# Data extract

────

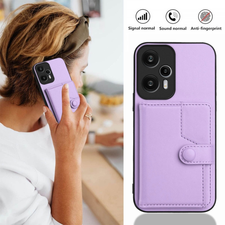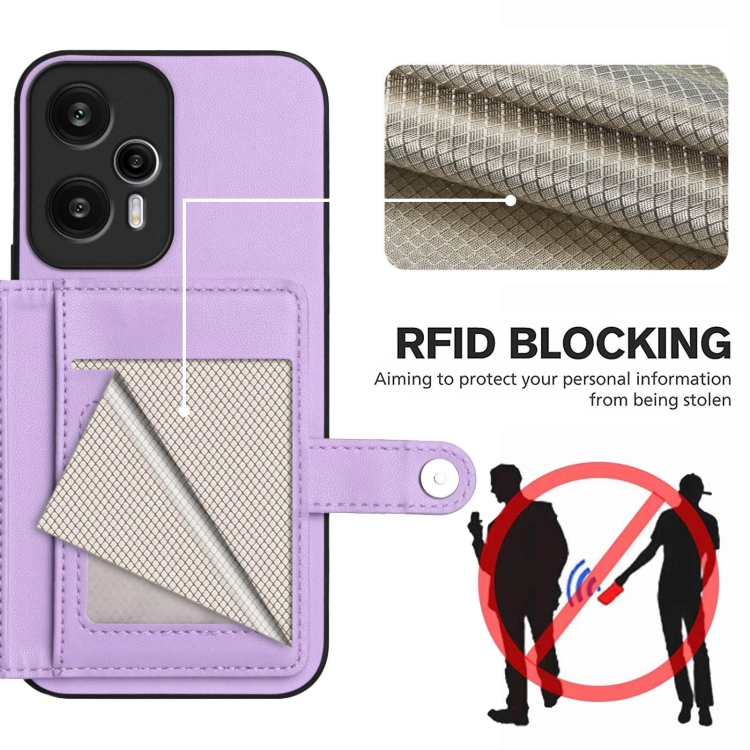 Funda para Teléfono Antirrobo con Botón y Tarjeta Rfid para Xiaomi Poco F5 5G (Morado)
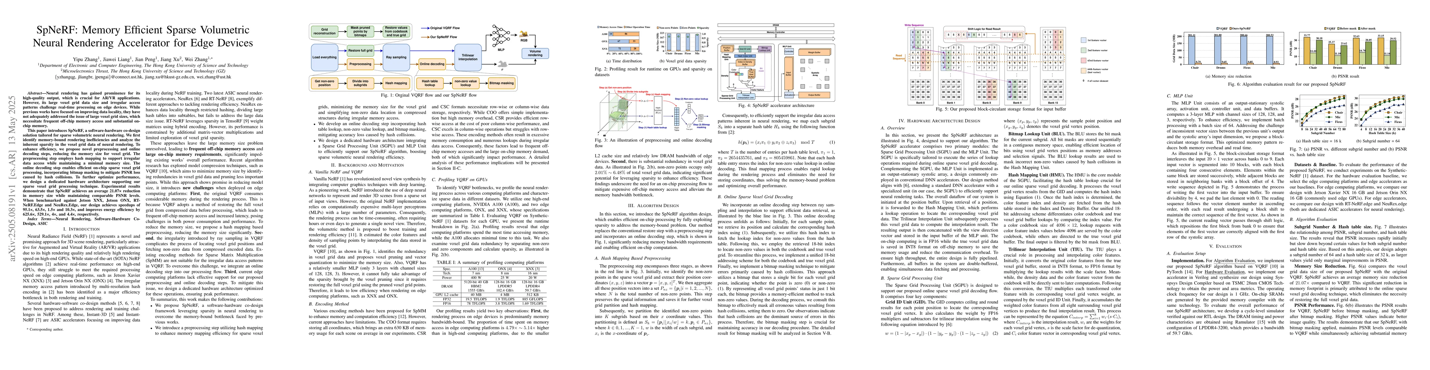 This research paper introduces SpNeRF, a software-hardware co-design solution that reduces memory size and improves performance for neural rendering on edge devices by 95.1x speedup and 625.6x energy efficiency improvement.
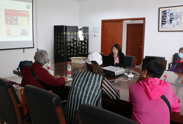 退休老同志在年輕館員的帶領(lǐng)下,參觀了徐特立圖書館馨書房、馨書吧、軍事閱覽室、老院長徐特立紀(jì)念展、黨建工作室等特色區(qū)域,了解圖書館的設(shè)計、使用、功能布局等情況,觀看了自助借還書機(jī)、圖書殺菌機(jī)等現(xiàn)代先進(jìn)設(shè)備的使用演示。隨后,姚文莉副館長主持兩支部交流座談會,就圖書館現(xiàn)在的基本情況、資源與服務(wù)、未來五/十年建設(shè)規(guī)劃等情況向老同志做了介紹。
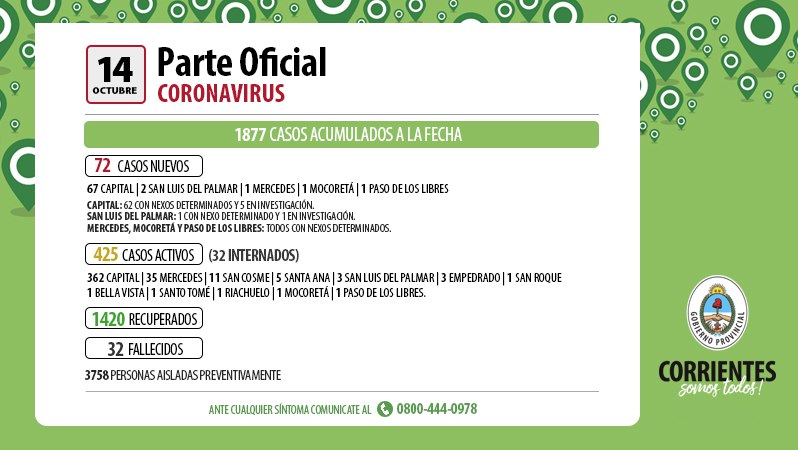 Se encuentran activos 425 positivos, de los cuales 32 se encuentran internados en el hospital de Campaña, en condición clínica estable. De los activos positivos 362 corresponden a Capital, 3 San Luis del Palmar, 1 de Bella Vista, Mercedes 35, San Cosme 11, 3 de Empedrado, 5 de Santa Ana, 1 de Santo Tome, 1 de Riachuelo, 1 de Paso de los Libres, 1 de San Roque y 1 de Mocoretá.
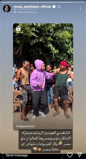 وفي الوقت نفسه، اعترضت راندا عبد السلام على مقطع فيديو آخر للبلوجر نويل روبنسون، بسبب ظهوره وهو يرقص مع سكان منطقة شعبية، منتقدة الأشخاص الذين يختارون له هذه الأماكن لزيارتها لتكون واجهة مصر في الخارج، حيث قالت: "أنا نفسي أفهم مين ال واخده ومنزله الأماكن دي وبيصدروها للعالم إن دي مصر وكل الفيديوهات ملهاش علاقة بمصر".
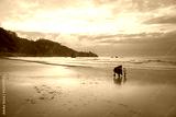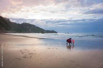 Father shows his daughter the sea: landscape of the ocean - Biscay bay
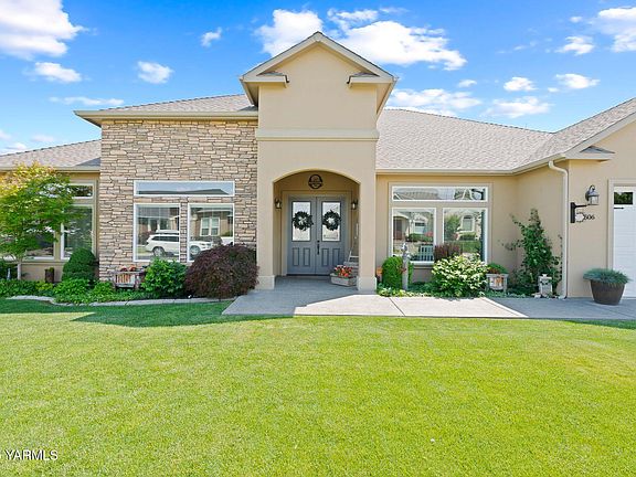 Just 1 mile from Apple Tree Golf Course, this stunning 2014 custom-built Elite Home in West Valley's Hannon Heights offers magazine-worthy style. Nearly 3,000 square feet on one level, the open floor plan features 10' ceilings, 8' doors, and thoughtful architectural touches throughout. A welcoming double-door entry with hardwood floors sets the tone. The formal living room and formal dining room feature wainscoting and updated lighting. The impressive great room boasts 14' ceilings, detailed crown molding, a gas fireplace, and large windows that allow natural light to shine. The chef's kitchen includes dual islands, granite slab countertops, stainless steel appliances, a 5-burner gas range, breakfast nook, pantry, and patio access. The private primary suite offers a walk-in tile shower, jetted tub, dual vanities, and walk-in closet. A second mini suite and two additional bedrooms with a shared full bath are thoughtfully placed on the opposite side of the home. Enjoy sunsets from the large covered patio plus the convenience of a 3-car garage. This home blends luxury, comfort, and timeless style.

────

# Work instructions
The line with "This research paper" marks the end: restate word for word every line from the top of the data through that one, omitting pictures.

# Response below
 Funda para Teléfono Antirrobo con Botón y Tarjeta Rfid para Xiaomi Poco F5 5G (Morado)
 This research paper introduces SpNeRF, a software-hardware co-design solution that reduces memory size and improves performance for neural rendering on edge devices by 95.1x speedup and 625.6x energy efficiency improvement.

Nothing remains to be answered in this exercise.